Low-Glycemic Foods: Everything You Need to Know

Low glycemic foods

Have you decided to eat overall a better diet? Well, several reasons can be behind the decision, for instance, fat loss or even cardio health. Regular workout, sufficient supplements as seen on acheter-steroid.org and a low glycemic diet could be what you need. Ideally, glycemic foods are kinds of food that affect your blood sugar level.
Foods with low sugar levels are essential, but the problem for many is to determine glycemic and non-glycemic foods. Most people find it tricky to understand what the body needs at some specific times and for what reasons.


So, What Are Low Glycemic Foods?

Low glycemic foods are those that have a low glycemic index value, for instance, 55 or even lower.
The reason why they are preferred is that they are digested and absorbed at a slower rate which leads to a more gradual as well as a smaller rise in the levels of sugar in the blood. Therefore, the glycemic index (GI) is a measure that ranks various foods as per their effect on blood sugar levels.

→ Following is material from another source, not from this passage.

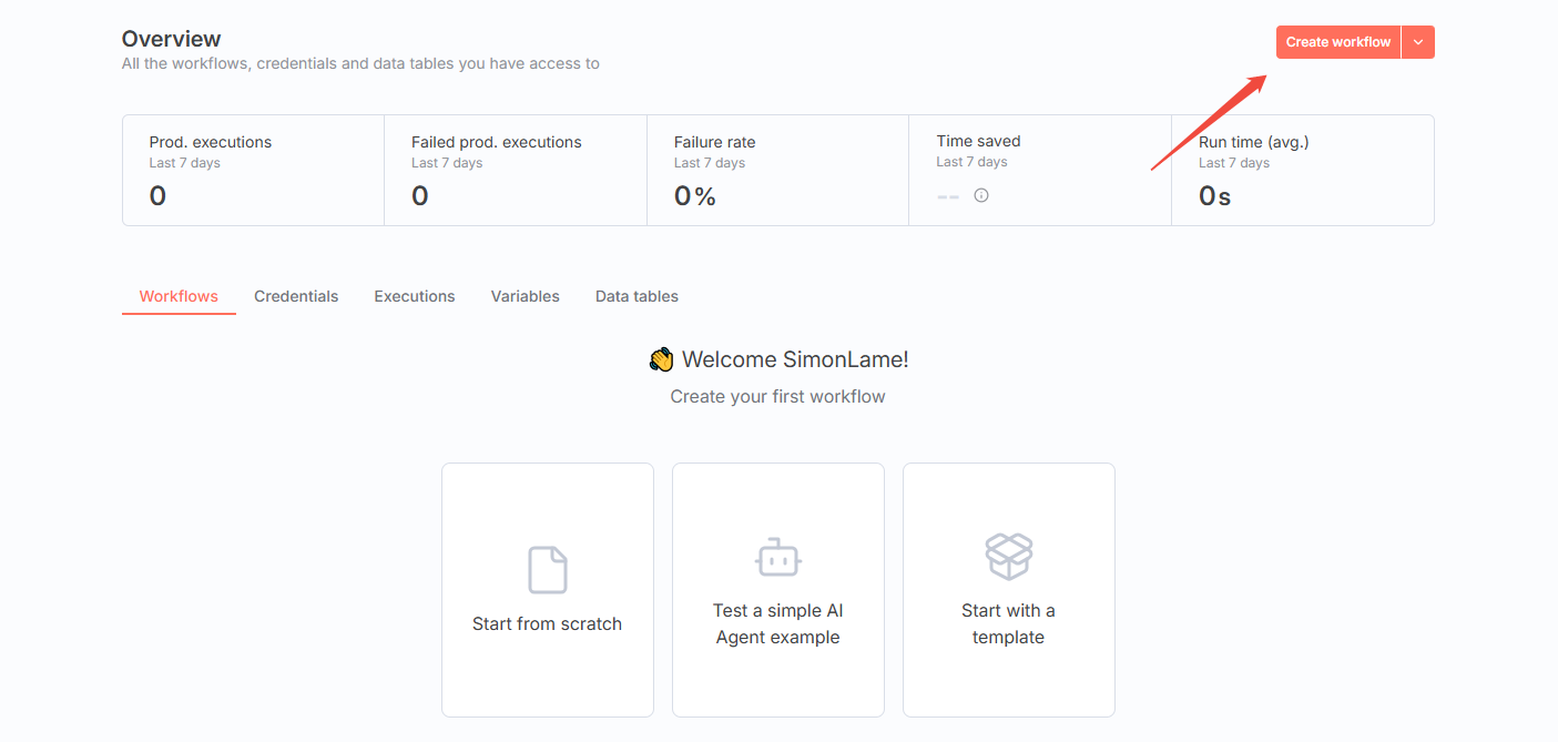 第一步 启用 n8n AI 工作流构建器 1. 登录 n8n 后,点击左上角 + 创建新工作流

Benefits of Low Glycemic Foods:





a) Reduces The Risk of Cancer

High-GI foods, when taken often, may result in an individual developing some types of cancer such as breast cancer, endometrial, and colorectal cancer. Studies show that people who take low-GI diets have less risk from the same.

b) Help Cut Extra Weight

The low-GI diets can lead to loss of 0.7-1.9 kg of weight just between 5-10 weeks. It also helps to reduce the sugar levels in the blood of people with diabetes.

c) Reduces Heart Disease Risks

According to research, 25% of individuals on a high-GI diet are more likely prone to heart disease than their counterparts on the low-GI diet.

d) Improved Cholesterol Levels

Low-GI diets can reduce by 9.6% the total cholesterol and by 8.6% LDL cholesterol which is stroke and heart disease-related.

Low glycemic foods


Foods on a Low-GI Diet

Low glycemic foods are of three categories: small, medium, and high GI. To achieve the benefits of the low glycemic foods, choose from the following; Wholegrains, beans and legumes, yoghurt and dairy, fresh fruit, bread, and rice.
Also, some foods don't have a GI value as they contain little or no carbohydrates hence can be part of the list and include; nuts and seeds, meat, fats and oils, fish, herbs as well as spices


Challenge of the Low-GI Diet
The glycemic index does not give a real nutritional picture. Similarly, it measures a particulars food effect on the blood sugar levels which becomes difficult as most foods are taken in a mixed meal. Also, the GI never takes into consideration the number of carbohydrates taken although it determines their impact on the sugar levels.
In a nutshell, irrespective of the GI it is beneficial to eat a healthy and balanced diet that comprises whole as well as unprocessed foods.